EXERCISE DETAILS: Please repeat every entry exactly as given, apart from dropping the images.

Collected data
****************************************
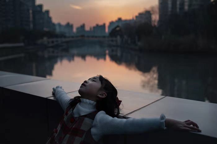 2021年12月4日,小女孩在苏州河边的公园玩耍。
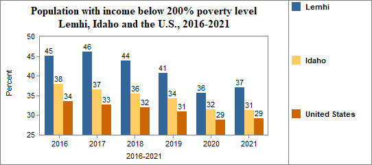 In Lemhi, the percent of the population with incomes below 200% of the poverty level . . .
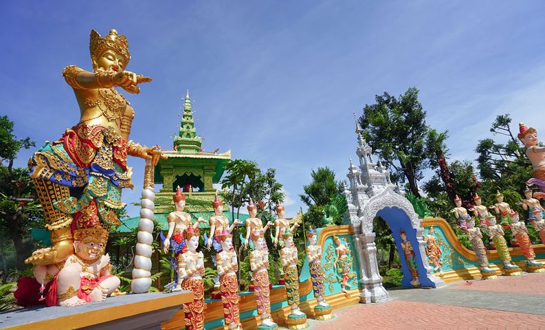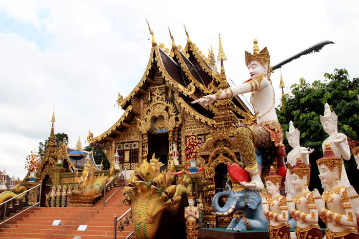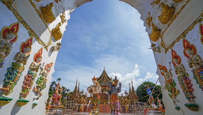 ซุ้มประตูของวัดที่มีความอลังการ ด้านหน้ามีรูปปั้นพระอุปคุต และพระสังกัจจายน์ ตั้งขนาบสองข้างซุ้มประตู รูปปั้นท่านท้าวจตุมหาราชทั้งสี่ ประกอบไปด้วย ท้าวเวสสุวรรณ ท้าวธตรฐ ท้าววิรูปักษ์ ท้าววิรุฬหก มองเห็นยักษ์สองตนด้านขวานั้นในมือมีทั้งบุหรี่และเหล้า ทำสัญลักษณ์มือบอกรัก ส่วนที่เท้ามีทั้งรองเท้าแตะและรองเท้าผ้าใบคอนเวิร์ส เรียกได้ว่าเป็นปริศนาธรรมที่ผสมผสานความเชื่อดั้งเดิมเข้ากับวัตถุสมัยนิยมในยุคนี้ ซึ่งยักษ์ทั้ง 2 ตนนี้ได้ถูกกล่าวขานถึงอย่างกว้างขวาง
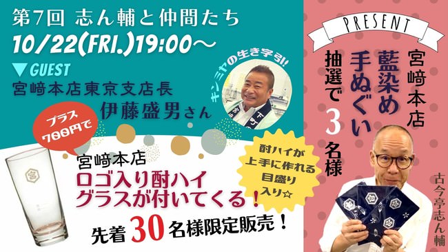 宮﨑本店の伊藤さんは「キンミヤの生き字引」として、国内外の販売を統括する一方、時間があれば寄席にも通う落語ファン。キンミヤ焼酎のおいしさの秘密、どのような戦略で販路を広げ人気商品に育ててきたのかなど、志ん輔さんがとことん突っ込みます。キンミヤのグッズなど素敵なプレゼントもあります。
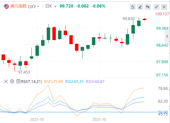 美元指数进一步上涨,只要保持在99.50-99.0上方交易,那么涨势可能延伸向100.50-101.00。
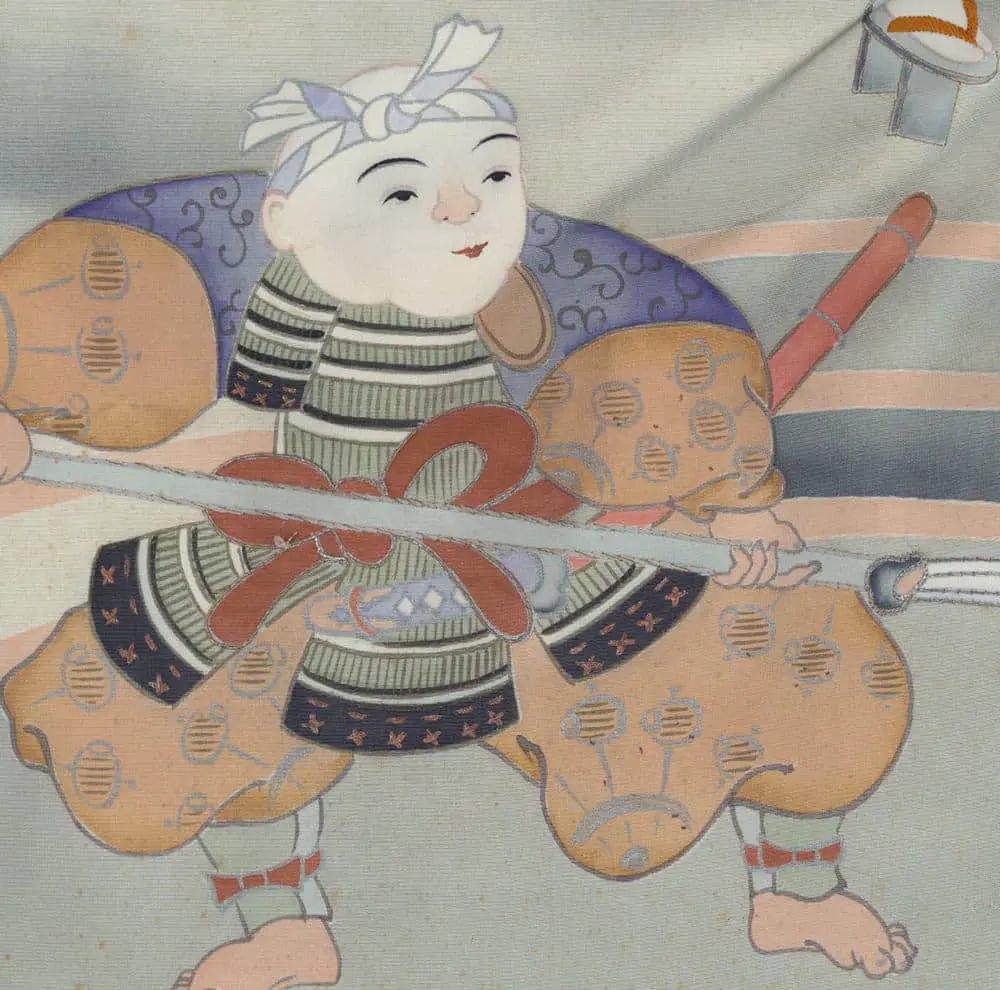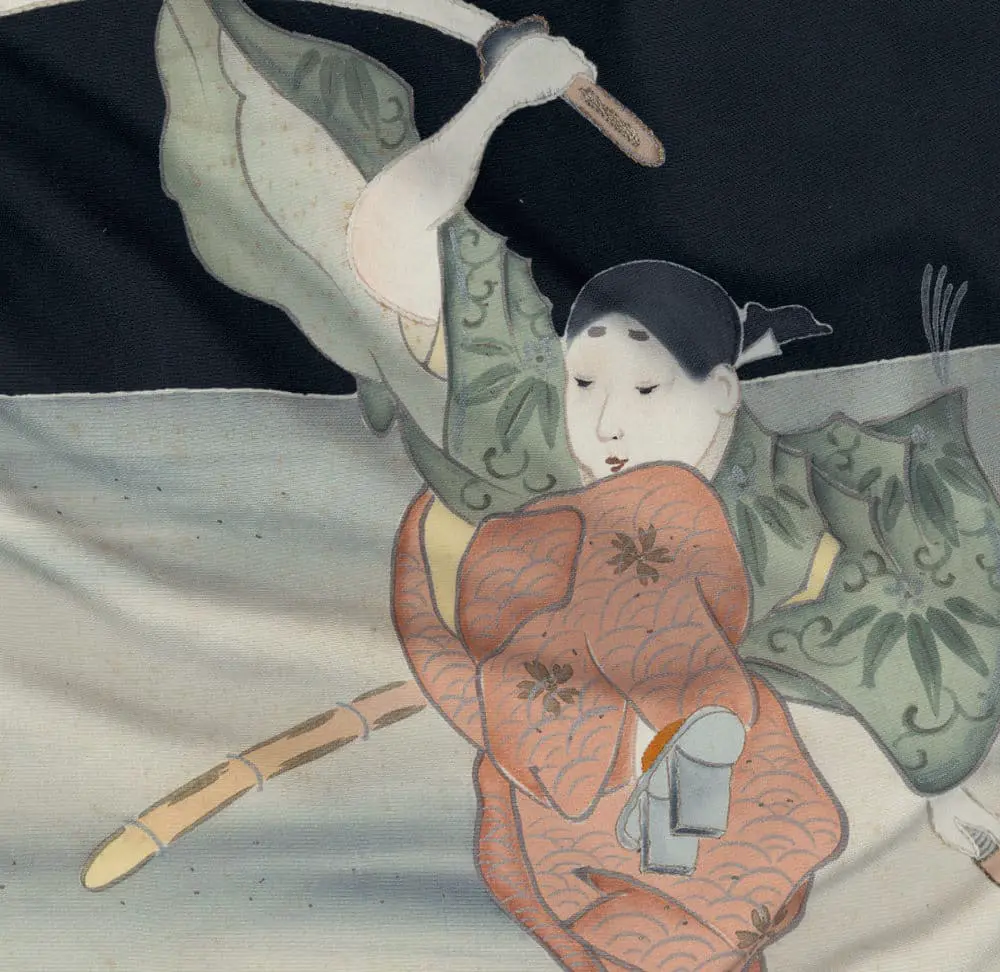This depiction of the legendary encounter on the kimono might be inspired by woodblock prints, with the positions of the characters resembling an 1854 Yoshifuji print. Notably, the fearsome nature of the scene is toned down to suit the sensibilities of a child, portraying a young and headstrong Yoshitsune displaying courage and valor in the face of adversity.
****************************************
RESULT:
 2021年12月4日,小女孩在苏州河边的公园玩耍。
 In Lemhi, the percent of the population with incomes below 200% of the poverty level . . .
 ซุ้มประตูของวัดที่มีความอลังการ ด้านหน้ามีรูปปั้นพระอุปคุต และพระสังกัจจายน์ ตั้งขนาบสองข้างซุ้มประตู รูปปั้นท่านท้าวจตุมหาราชทั้งสี่ ประกอบไปด้วย ท้าวเวสสุวรรณ ท้าวธตรฐ ท้าววิรูปักษ์ ท้าววิรุฬหก มองเห็นยักษ์สองตนด้านขวานั้นในมือมีทั้งบุหรี่และเหล้า ทำสัญลักษณ์มือบอกรัก ส่วนที่เท้ามีทั้งรองเท้าแตะและรองเท้าผ้าใบคอนเวิร์ส เรียกได้ว่าเป็นปริศนาธรรมที่ผสมผสานความเชื่อดั้งเดิมเข้ากับวัตถุสมัยนิยมในยุคนี้ ซึ่งยักษ์ทั้ง 2 ตนนี้ได้ถูกกล่าวขานถึงอย่างกว้างขวาง
 宮﨑本店の伊藤さんは「キンミヤの生き字引」として、国内外の販売を統括する一方、時間があれば寄席にも通う落語ファン。キンミヤ焼酎のおいしさの秘密、どのような戦略で販路を広げ人気商品に育ててきたのかなど、志ん輔さんがとことん突っ込みます。キンミヤのグッズなど素敵なプレゼントもあります。
 美元指数进一步上涨,只要保持在99.50-99.0上方交易,那么涨势可能延伸向100.50-101.00。
This depiction of the legendary encounter on the kimono might be inspired by woodblock prints, with the positions of the characters resembling an 1854 Yoshifuji print. Notably, the fearsome nature of the scene is toned down to suit the sensibilities of a child, portraying a young and headstrong Yoshitsune displaying courage and valor in the face of adversity.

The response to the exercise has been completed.